W 100 rocznicę odzyskania niepodległości przez Polskę.
Z inicjatywy Jastkowskiego Stowarzyszenia Historyczno-Kulturalnego „Dziedzictwo i Pamięć”.
Fundatorzy: Gmina Pysznica, Powiat Stalowowolski, Nadleśnictwo Janów Lubelski, Rodzina Koczwarów z Jastkowic.
Wrzesień 2018 r.
W tym artykule jest opisana geneza powstania tego pomnika:
http://www.sztafeta.pl/na-szlaku-upamietnien/
Zbigniew Koczwara, jeden z nielicznych mieszkańców wyludnionych Kochan, jest przewodnikiem po tych leśnych zakamarkach.

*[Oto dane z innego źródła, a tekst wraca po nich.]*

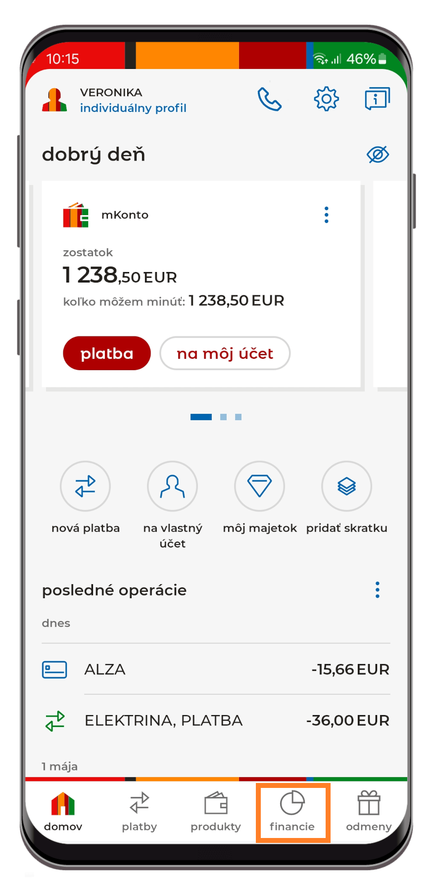 1. Po prihlásení sa do apky kliknite na položku Financie v dolnej časti obrazovky.
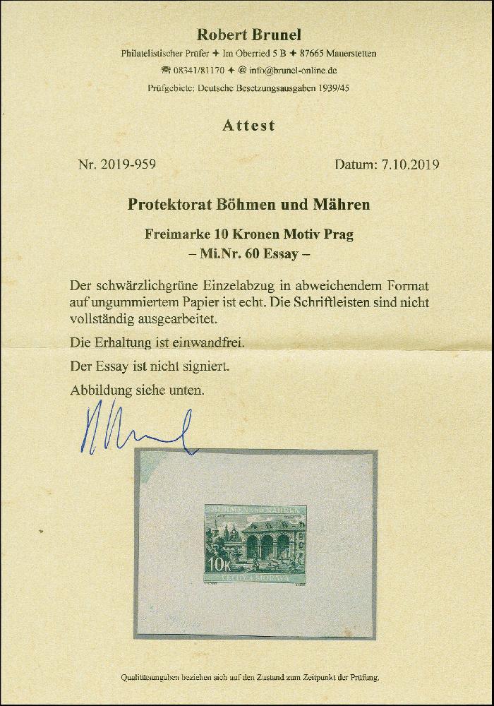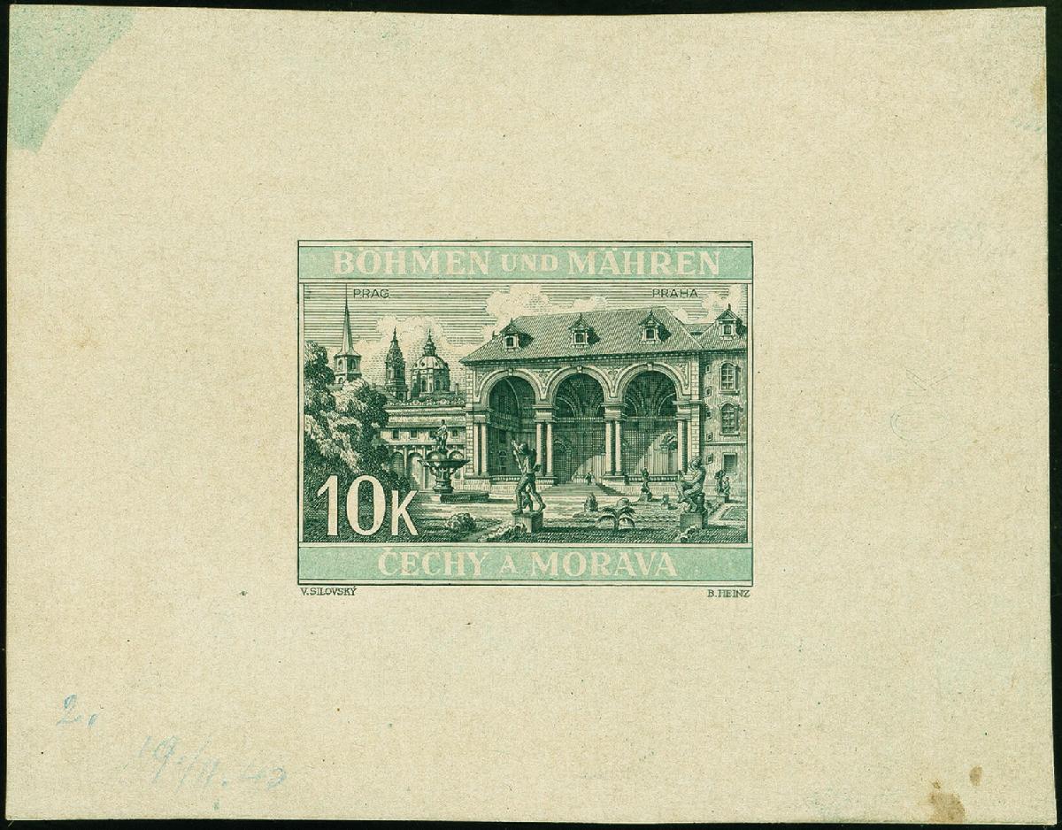 | Zusatzinformationen und Suchstichworte: | 383. Auktion Heinrich Köhler 14.–15. & 18.–23. März 2024 Los 2990 Böhmen und Mähren 1940, Waldstein-Palais Prag 10K. schwärzlichgrün, Einzelabzug in abweichendem Format, die Schriftleisten sind nicht vollständig ausgearbeitet und weisen einen helleren Farbton auf, auf ungummiertem Papier, unten links Datierung, tadellos, selten Ausruf 500,00 EUR |
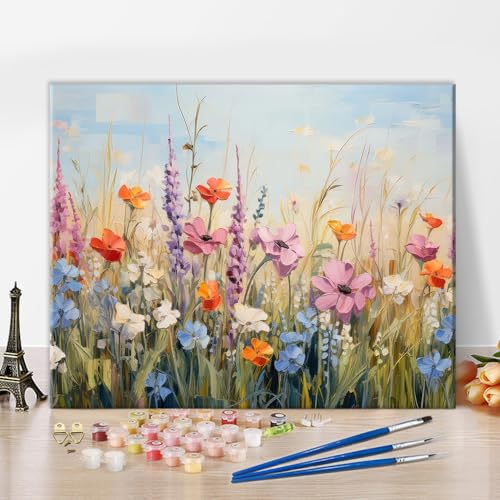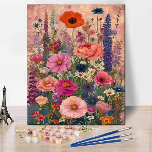 TISHIRON måla efter siffror blommor, färgglada blommande blommor efter siffror konstverk måla efter siffror kit fält trädgård måla efter siffror för vuxna nybörjare väggdekoration akrylfärger 40 cm x
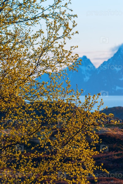 Зеленый куст на фоне заснеженных гор
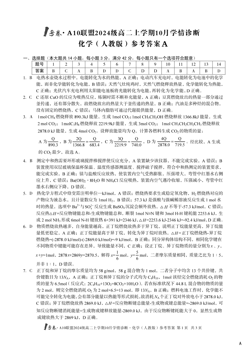 (A卷)1号卷·A10联盟2024级高二上学期10月学情诊断 化学(人教版)答案A.pdf
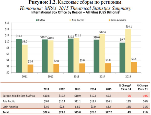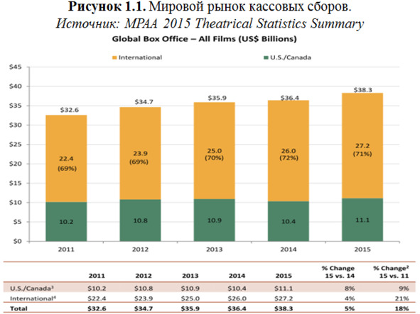 Согласно данным статистического отчета американской ассоциации кинопроизводителей (MPAA, 2015). мировой бокс-офис в 2015 году вырос на 5% в сравнении с 2014 годом, при этом, темпы роста самого крупного североамериканского рынка в два раза превысили темпы роста международного (в американском представлении) рынка. Данные приведены на рисунке 1.1.
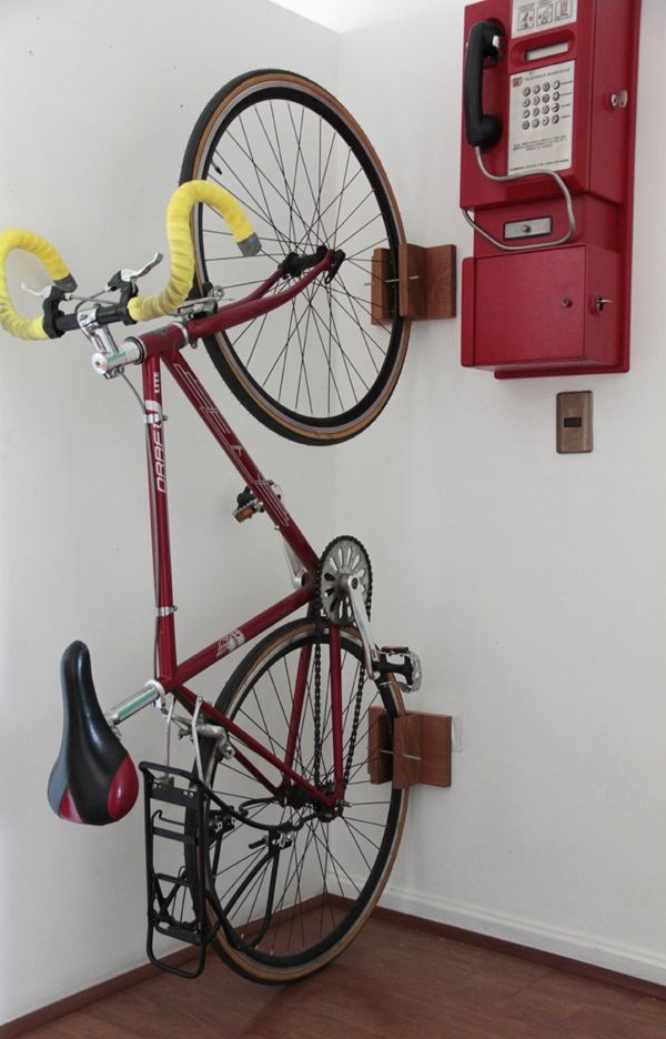 Для зимнего хранения оборудуйте в комнате настенный подвес для байка. С его помощью вы сэкономите место и создадите оригинальный дизайнерский акцент.
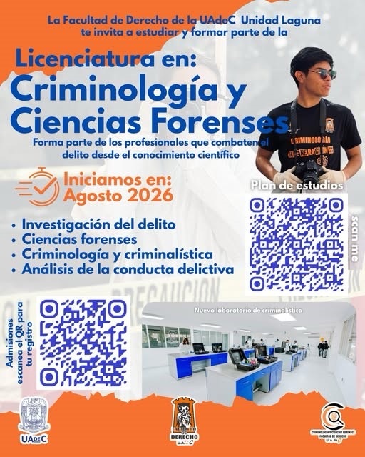 TORREÓN, Coahuila. 28 de enero de 2026. La Universidad Autónoma de Coahuila, a través de la Facultad de Derecho Unidad Laguna, invita a aspirantes interesados en el ámbito de la procuración e impartición de justicia a formar parte del proceso de admisión de agosto-diciembre 2026 e ingresar a la Licenciatura en Criminología y Ciencias Forenses.
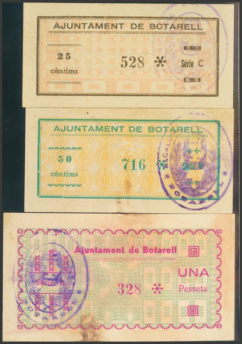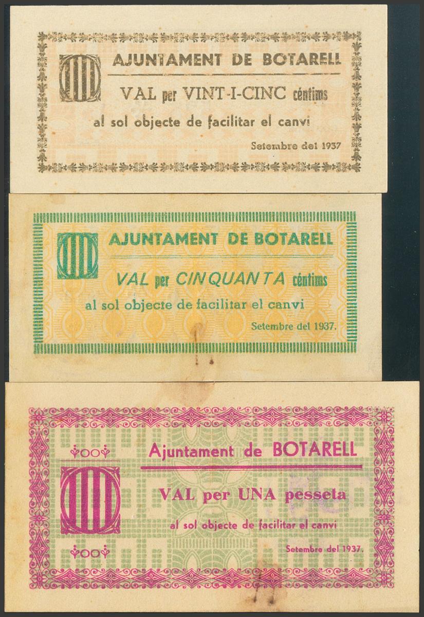 English BOTARELL (TARRAGONA). 25 Cents, 50 Cents and 1 Peseta. September 1937. Series C, B and A, respectively. (González: 7188/90). Rare complete series. Good Extremely Fine/ Almost Extremely Fine.
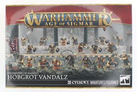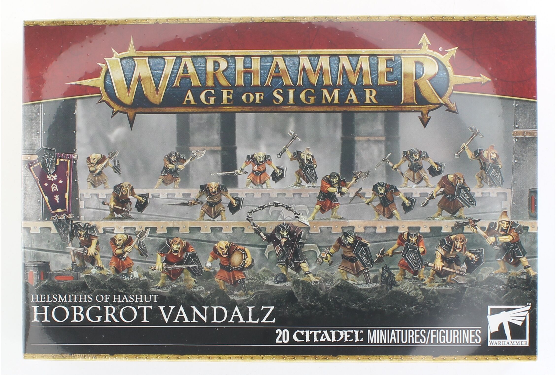Hobgrots are cunning, treacherous creatures who've learned that serving the Helmsmiths of Hashut is far safer than opposing it. This set builds 20 Hobgrot Vandalz, including a sneaky champion armed with either a cruel chain weapon or a vicious dagger. You'll also find a Helsmiths of Hashut transfer sheet featuring 450 transfers.
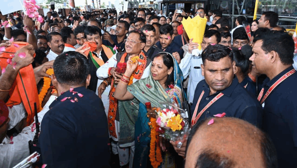 रायपुर, 30 अगस्त 2025/- अपनी आठ दिन के जापान और दक्षिण कोरिया के विदेश दौरे के बाद आज मुख्यमंत्री श्री विष्णु देव साय वापस रायपुर लौटे हैं। श्री साय के वापस लौटने पर आज एयरपोर्ट पर उनका भव्य स्वागत किया गया। छत्तीसगढ़ के पारंपरिक कर्मा और पंथी नृत्यों से पूरा एयरपोर्ट परिसर लगभग एक घंटे तक सराबोर रहा। लोगों की बड़ी संख्या में मौजूदगी ने मुख्यमंत्री श्री साय की लोकप्रियता और उनके विदेश दौरे की सफलता को स्वयं ही बयां कर दिया। मुख्यमंत्री का पुष्प गुच्छों से लेकर गजमाला तक से स्वागत किया गया। एयरपोर्ट के निकास द्वार से मीडिया गैलेरी तक लगभग 100 मीटर की दूरी तय करने में श्री साय को लगभग 15 मिनट लगे। इस दौरान लोगों ने पुष्प वर्षा से भी श्री साय का स्वागत किया। बाद में मुख्यमंत्री ने उपस्थित जनसमुदाय को सम्बोधित किया और इस भव्य स्वागत के लिए सभी का आभार जताया। मुख्यमंत्री ने कहा कि जापान और दक्षिण कोरिया दोनों ही देशों में बड़ा भारतीय समुदाय बसा हुआ है और हमारे छत्तीसगढ़ के लोग भी वहां पर व्यापारिक कार्यों में लगे हुए हैं। उनसे मिलकर मुझे बहुत अच्छा महसूस हुआ और यह लगा ही नहीं कि हम परदेश में हैं। उन्होंने कहा कि हमारे उद्यमी, हमारे कारोबारी पूरी दुनिया में फैले हुए हैं और भारत भूमि का नाम हर तरफ रोशन कर रहे हैं।
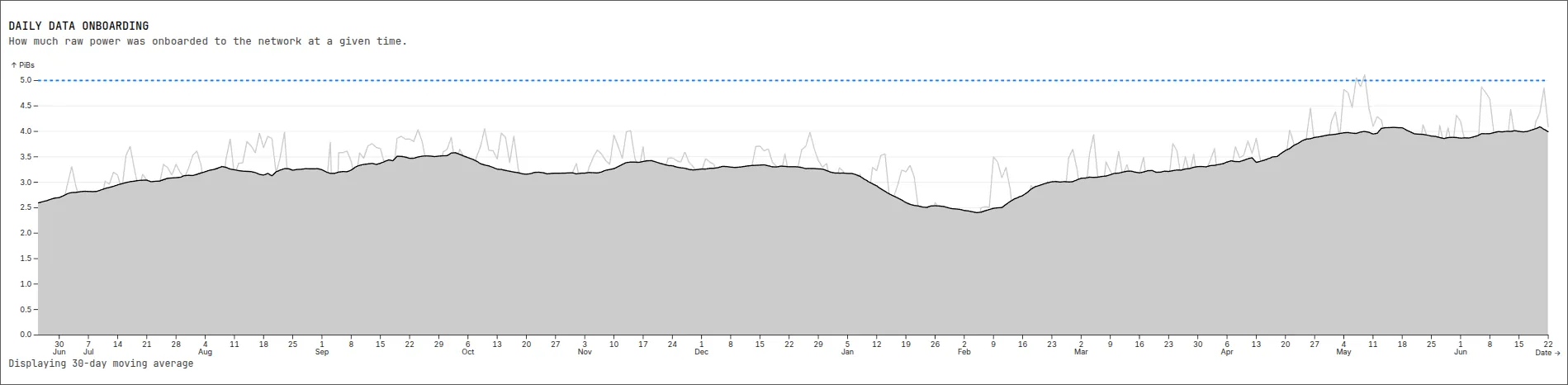 - Daily data onboarding provides the best proxy for actual data storage activity. This metric tracks the daily amount of raw data being onboarded to the Filecoin network, measured in pebibytes (PiBs
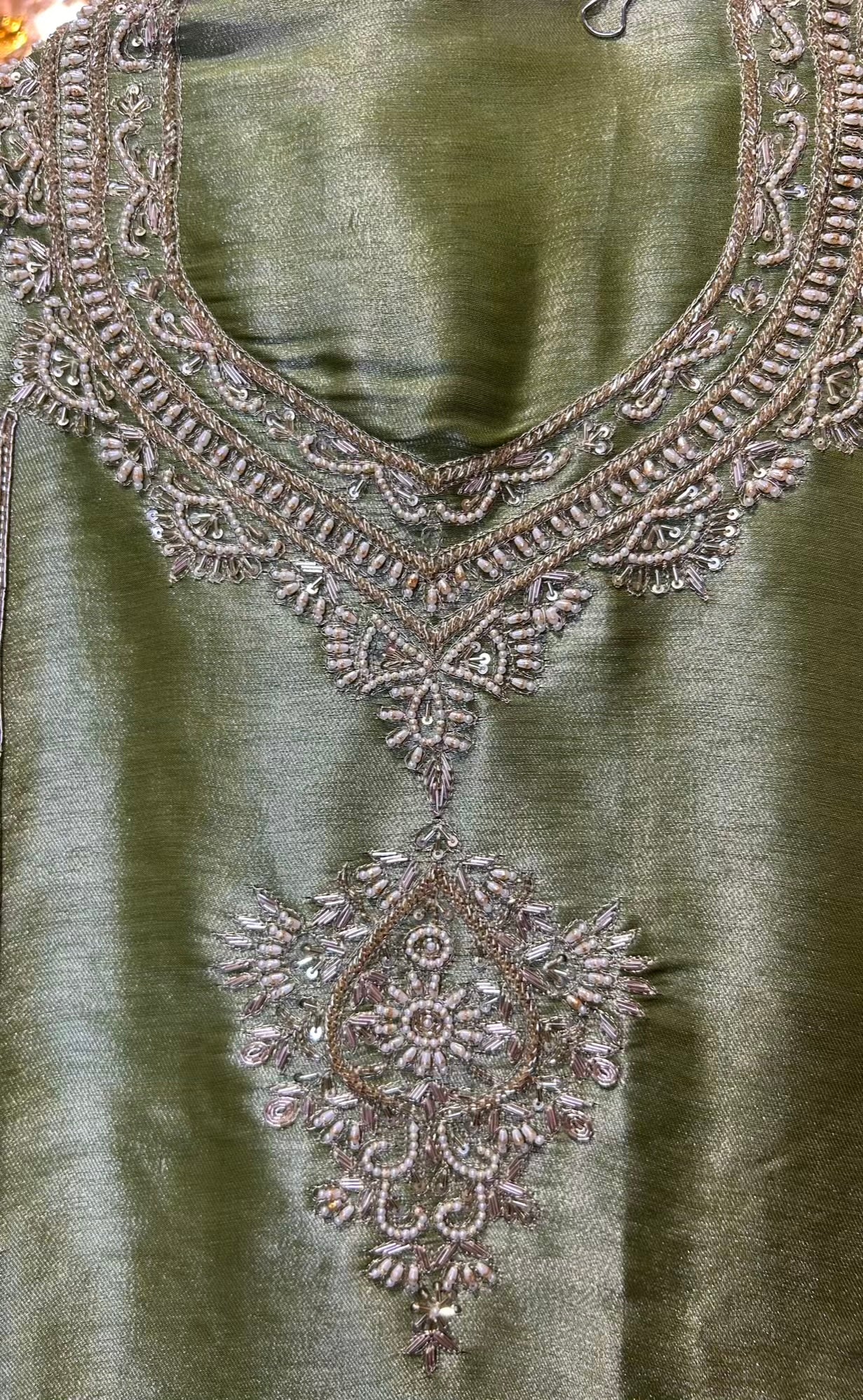 • Shimmer Organza Shirt (2.5 mtrs) – Detailed with elegant neckline handwork for a refined touch.

– Jeszcze chodziłem do podstawówki, gdy z bratem Henrykiem, to był sierpień, lata 60., chodziliśmy na żurawiny, daleko w las, aż pod bagna Imieltego Ługu. Wtedy w ten rejon wybierali się nieliczni ludzie, po żurawiny i na grzyby – wspomina Koczwara.
Wtedy zobaczył resztki zmurszałego rosyjskiego słupa granicznego i pozostałe części wieży wartowniczej. Pokazywał z bratem innym ludziom ten nieznany zakątek. – W szkole nie mówiło się o tym, że niedaleko Jastkowic przebiegała granica austriacko-rosyjska, nawet na lekcji historii. Dla mnie było to dziwne, ale tak było – mówi Zbigniew Koczwara.
W końcu lat 60. te relikty dawnych zaborowych czasów zniknęły. Mało kto o nich pamiętał, mało kto o nich wspominał.
[Fragment]
Kesz to mały klipsiak pod sosną. (Skrzynka leży na terenie należącym do wsi Gwizdów w województwie lubelskim).
Zawsze zajrzyj na ostatnią stronę logbooka, możesz tam znaleźć wpisaną słownie cyfrę. Zanotuj ją. Przyda się później na zakończenie geościeżki.